As you can see, a simple threshold would no longer work; it would be triggered due to the natural growth of the values. There are several ways you could work around it (plot a linear threshold trigger, diff against yesterday, etc). But the control chart handles this scenario in stride without modification

Because the threshold is generated dynamically based on the "local" data in the moving averages, the constant linear trend is no problem and everything just works.

Cyclic Trends

Cyclic trends are even more fun. Imagine your data has some seasonality. In this case, I just plotted a random sine wave, but you'll see this cyclic behavior everywhere in real data: sales numbers, server utilization, queue lengths, etc. Cycles can be very tricky for simpler spike detection algorithms. The algorithm needs to differentiate between the natural peaks and real spikes.

If we apply the exact same aggregation as before, we get a decent chart:

Smoothed average: purple

Max value: yellow

Upper control limit: green

You'll notice a problem though. The maximum values in yellow consistently "trip" the threshold (in green) on the leading edge. It looks like the green threshold lags behind the data, and never quite anticipates the upcoming cycle.

The problem is the moving average model. Simpler models like linear and ewma always display a certain amount of lag, and in particular struggle with cyclic data. The lag was present in all the previous examples (go look), it just usually isn’t a problem with non-seasonal data.

Instead, we should use holt_winters, a moving average model that includes terms that can account for seasonality. Let's replace the two previous moving averages with this:

"movavg_mean": {
  "moving_avg": {
    "buckets_path": "stats.avg",
    "window": 200,
    "model": "holt_winters",
    "settings": {
        "period": 69
    }
  }
},
"movavg_std": {
  "moving_avg": {
    "buckets_path": "stats.std_deviation",
    "window": 150,
    "model": "holt_winters",
    "settings": {
        "period": 69
    }
  }
},

You'll notice a few changes. Obviously, we swapped ewma for holt_winters. Next, we changed the window size. Holt-Winters requires a larger window so that it can more accurately model seasonal behavior. Finally, we specified how large the "period" of the data is. In this case, it is roughly 62 hours from peak to peak. Holt-Winters has more parameters that are tunable, but we are going to rely on the automatic minimization to choose those for us.
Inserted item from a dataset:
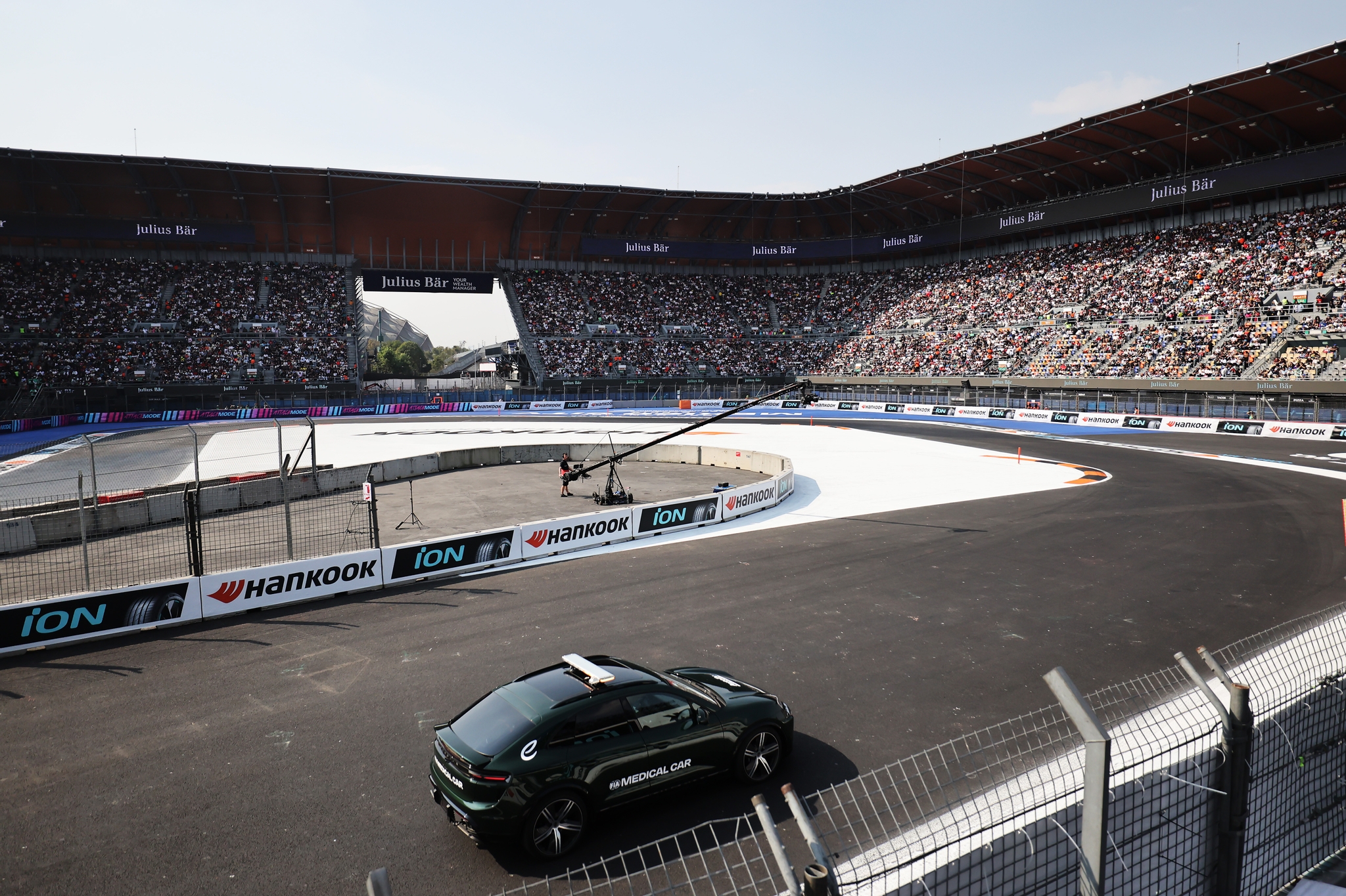 MEXICO CITY, MEXICO - JANUARY 10: The FIA Safety Car on track during the Mexico City E-Prix at Autodromo Hermanos Rodriguez on January 10, 2026 in Mexico City, Mexico. (Photo by Simon Galloway/LAT Images)

The graph that we get out looks much better:

Smoothed average: purple

Max value: yellow

Upper control limit: green

The threshold now lines up with the data perfectly, and we correctly detect the spike (and nothing else). You will notice a new anomaly though. Exactly one period after the first spike a new spike exists where there wasn’t one previously. And if you look closely, you'll see a tiny spike two periods afterwards which is also new.

This is an artifact from Holt-Winters. Forecasts are built based on past seasonal data, and since the past data had a spike, you'll see traces of that in future forecasts. This artifact can be diminished slightly by increasing the window length, and in general isn't usually large enough to trigger a "threshold breach".

Extra Credit: Configuring a Watcher alert

If you have Watcher installed -- an alerting and notification plugin for Elasticsearch -- it is trivial to add a watch which will alert you when a spike has been detected. We will define a watch that checks every hour (finer granularity is unnecessary, since the data is only logged at 1hr intervals).

Then we plop in our aggregation, and setup some email and logging notifications and define the condition. The condition is simply checking to see if the maximum value is greater than the upper control limit.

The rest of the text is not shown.